4 In this case the plaintiff alleged that the second defendant had done certain things and that the first defendant was vicariously liable. Proof of the matters which the plaintiff was required to establish involved the consideration of significant amounts of medical records, and indeed there was a great deal of subpoenaed material in court that was largely of a technical nature, and counsel for both parties went into that material in great detail. However, where I consider that the services of senior counsel were of great assistance to the plaintiff was in the cross-examination of the second defendant. Although the facts of the case were not unduly complicated, and the legal issues were not unduly complicated, the decision of the case revolved around issues of credit. The second defendant is an established and highly competent medical practitioner, and a lot turned on his evidence. In my view, it was not unreasonable for the plaintiff to obtain the services of senior counsel for the purposes of cross-examining the second defendant. In the circumstances, I propose to allow the costs of senior counsel to the plaintiff in respect of the second defendant.

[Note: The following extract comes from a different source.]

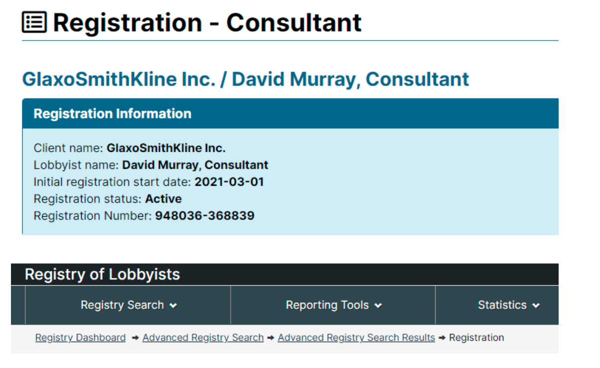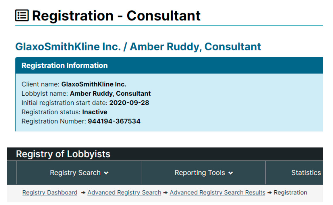 GlaxoSmithKline is another one that’s busy in Ottawa. Lobbyists for the company have ties to both the Liberal and Conservative Parties of Canada. In fact, Amber Ruddy, the Secretary of the National Council of the CPC, used to be a GSK lobbyist. Sanofi is involved in this as well.
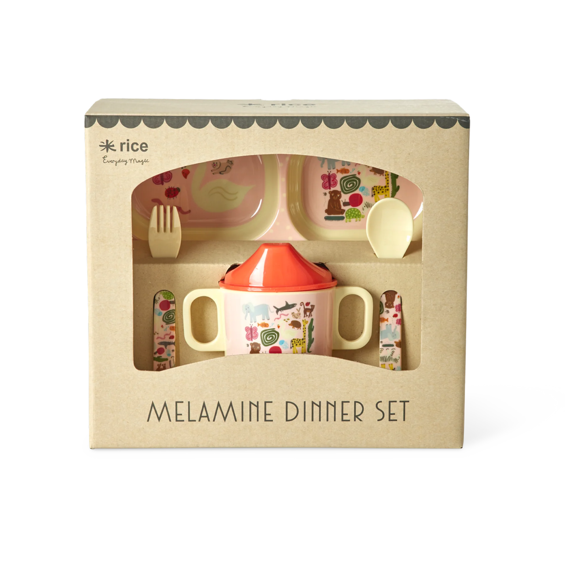 Prachtig kinderservies bestaand uit een kinderbord een tuitbeker en een bestekje. Het servies is versierd met schattige dieren en is leuk te combineren met de schaaltjes en bekers uit de Wildlife collectie van Rice.

5 The first defendant seeks an order, not only for costs, but for costs on an indemnity basis. Until 15 September last year, the first defendant was represented by a separate firm of solicitors, and those solicitors prepared a defence. The issue of the liability of the first defendant was an issue of vicarious liability, because there were certainly allegations in the pleadings that the first defendant had itself, or by its servants or agents, been guilty of some negligence, but no evidence of an independent character was called, and the plaintiff appeared to rely on a relationship between the second defendant and the first defendant.

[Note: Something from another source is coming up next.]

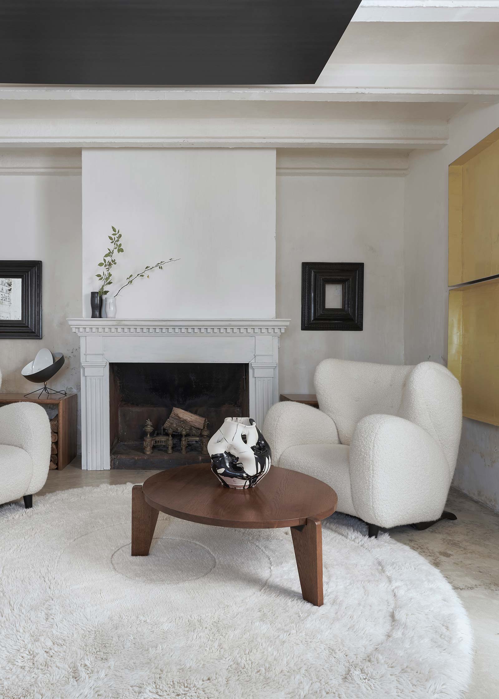 Het Arctic Circle vloerkleed van Lorena Canals is een ruim bemeten rond vloerkleed met een korte pool, omgeven door rijen van steeds langere polen, eindigend met een pluizige lange pool aan de randen.

6 I note that no Bullock order is sought. I think, in the circumstances, it was perfectly reasonable for the plaintiff to join the first defendant in the proceedings at the outset, but having done so, it was incumbent on the plaintiff, in view of the authorities which I have cited in my judgment, to adduce some evidence of the relationship. It did not do so, and as a result of that, its case failed, and there was a verdict for the first defendant. The circumstances are not, in my view, circumstances that justify the award of indemnity costs and indeed, it seems to me, that the costs of the first defendant, from the time that it chose to be represented by the same solicitors as represented the second defendants, were not in any way increased or changed. In fact, after the same solicitor came to represent both defendants, it seems to me that the case presented for both defendants was identical, and it could be said that the first defendant did not incur any additional costs after that date.
Orders
7 My orders will be that:
1. The second defendant pay the plaintiff’s costs on a party-and-party basis up to and including 20 June 2008, and thereafter pay the costs on an indemnity basis, including the costs of senior counsel.
2. The plaintiff pay the costs of the first defendant up to and including 15 September 2008. After that date there will be no order for costs as concerns the plaintiff and the first defendant.